101. Lors de la cessation des activités d’un titulaire de permis de centre de la petite enfance ou d’un bureau coordonnateur de la garde en milieu familial, de sa dissolution ou de la révocation de son permis ou de son agrément, les actifs acquis à même les subventions sont cédés à une personne morale à but non lucratif poursuivant des objets similaires désignée par le ministre.
2005, c. 47, a. 101.
SECTION III
Abrogée, 2017, c. 31, a. 16.
2010, c. 39, a. 14; 2017, c. 31, a. 16.
101.1. (Abrogé).
2010, c. 39, a. 14; 2017, c. 31, a. 16.
101.2. (Abrogé).
2010, c. 39, a. 14; 2015, c. 8, a. 267; 2017, c. 31, a. 16.
CHAPITRE VII.1
PÉNALITÉS ADMINISTRATIVES
2010, c. 39, a. 14.
101.3. Une personne désignée par le ministre à cette fin peut imposer une pénalité administrative à un titulaire d’un permis ou à une personne responsable d’un service de garde en milieu familial reconnue lorsqu’elle constate que ce titulaire ou cette personne fait défaut de respecter l’une des dispositions des articles 78, 86 et 86.1.
Une telle personne peut également imposer une telle pénalité administrative lorsqu’elle constate qu’un titulaire d’un permis fait défaut de respecter un avis de non-conformité donné en vertu de l’article 65 à l’égard d’une contravention à l’une des dispositions du premier alinéa de l’article 5.1 et des articles 13, 14, 16, 20, 59.1, 59.2 et 102.
Le montant de la pénalité administrative est de 500 $.
2010, c. 39, a. 14; 2017, c. 31, a. 17.
101.4. Le gouvernement peut prévoir qu’un manquement à une disposition d’un règlement qu’il prend en application de la présente loi peut donner lieu à l’imposition d’une pénalité administrative par la personne désignée par le ministre.
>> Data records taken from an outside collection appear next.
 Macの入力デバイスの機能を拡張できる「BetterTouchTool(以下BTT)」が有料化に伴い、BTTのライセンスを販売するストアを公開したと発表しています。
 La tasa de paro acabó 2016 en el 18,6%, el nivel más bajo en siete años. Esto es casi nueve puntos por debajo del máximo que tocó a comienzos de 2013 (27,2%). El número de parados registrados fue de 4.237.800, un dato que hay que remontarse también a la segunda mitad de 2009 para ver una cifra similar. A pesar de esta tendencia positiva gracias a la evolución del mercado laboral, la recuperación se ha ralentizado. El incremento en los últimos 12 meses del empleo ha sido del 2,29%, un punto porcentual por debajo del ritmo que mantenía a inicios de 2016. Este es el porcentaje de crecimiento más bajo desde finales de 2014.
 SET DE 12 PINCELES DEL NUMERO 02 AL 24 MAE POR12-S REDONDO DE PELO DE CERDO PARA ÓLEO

Un tel règlement peut également fixer le montant de la pénalité administrative ou prévoir des modes de calcul permettant d’établir celui-ci, lequel peut varier selon l’importance de la contravention aux normes.
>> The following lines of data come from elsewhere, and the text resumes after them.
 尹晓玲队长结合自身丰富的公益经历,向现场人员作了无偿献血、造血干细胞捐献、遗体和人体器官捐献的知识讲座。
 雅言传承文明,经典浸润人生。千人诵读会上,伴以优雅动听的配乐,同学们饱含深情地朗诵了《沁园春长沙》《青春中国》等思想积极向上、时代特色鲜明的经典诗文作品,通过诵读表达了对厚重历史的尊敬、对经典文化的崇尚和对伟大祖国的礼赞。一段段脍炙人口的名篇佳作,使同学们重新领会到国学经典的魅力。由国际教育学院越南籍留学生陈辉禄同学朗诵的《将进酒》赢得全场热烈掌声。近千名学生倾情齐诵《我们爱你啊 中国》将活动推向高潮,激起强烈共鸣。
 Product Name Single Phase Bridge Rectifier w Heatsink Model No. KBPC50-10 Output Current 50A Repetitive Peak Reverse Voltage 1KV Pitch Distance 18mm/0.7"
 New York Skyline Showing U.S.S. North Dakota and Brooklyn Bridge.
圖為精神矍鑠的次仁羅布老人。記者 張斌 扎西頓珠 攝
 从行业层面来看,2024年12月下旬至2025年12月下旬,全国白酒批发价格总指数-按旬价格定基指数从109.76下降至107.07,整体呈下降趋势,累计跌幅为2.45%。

Les montants de ces pénalités ne peuvent excéder le montant prévu à l’article 101.3.
2010, c. 39, a. 14.
101.5. Un manquement qui donne lieu à l’imposition d’une pénalité administrative constitue un manquement distinct pour chaque jour durant lequel il se poursuit.
2010, c. 39, a. 14.
101.6. L’imposition d’une pénalité administrative à une personne ne peut être cumulée avec une poursuite pénale intentée contre elle en raison d’une contravention à la même disposition et en raison des mêmes faits.
2010, c. 39, a. 14.
101.7. L’imposition d’une pénalité administrative se prescrit pour un an à compter de la date du manquement.
2010, c. 39, a. 14.
101.8. La personne désignée par le ministre impose une pénalité administrative à une personne par la notification d’un avis qui en énonce le montant, les motifs de son exigibilité, le droit d’en demander le réexamen par le ministre et, par la suite, de la contester devant le Tribunal administratif du Québec. Cet avis doit également comporter des renseignements sur les modalités de recouvrement du montant dû, notamment celles relatives à la déduction qui peut être faite sur tout versement de subvention à venir conformément à l’article 100 ou à la délivrance du certificat de recouvrement prévu par l’article 101.15 et à ses effets.
Le montant dû porte intérêt, au taux déterminé en vertu de l’article 28 de la Loi sur l’administration fiscale (chapitre A-6.002), à compter du 30e jour suivant la notification de l’avis.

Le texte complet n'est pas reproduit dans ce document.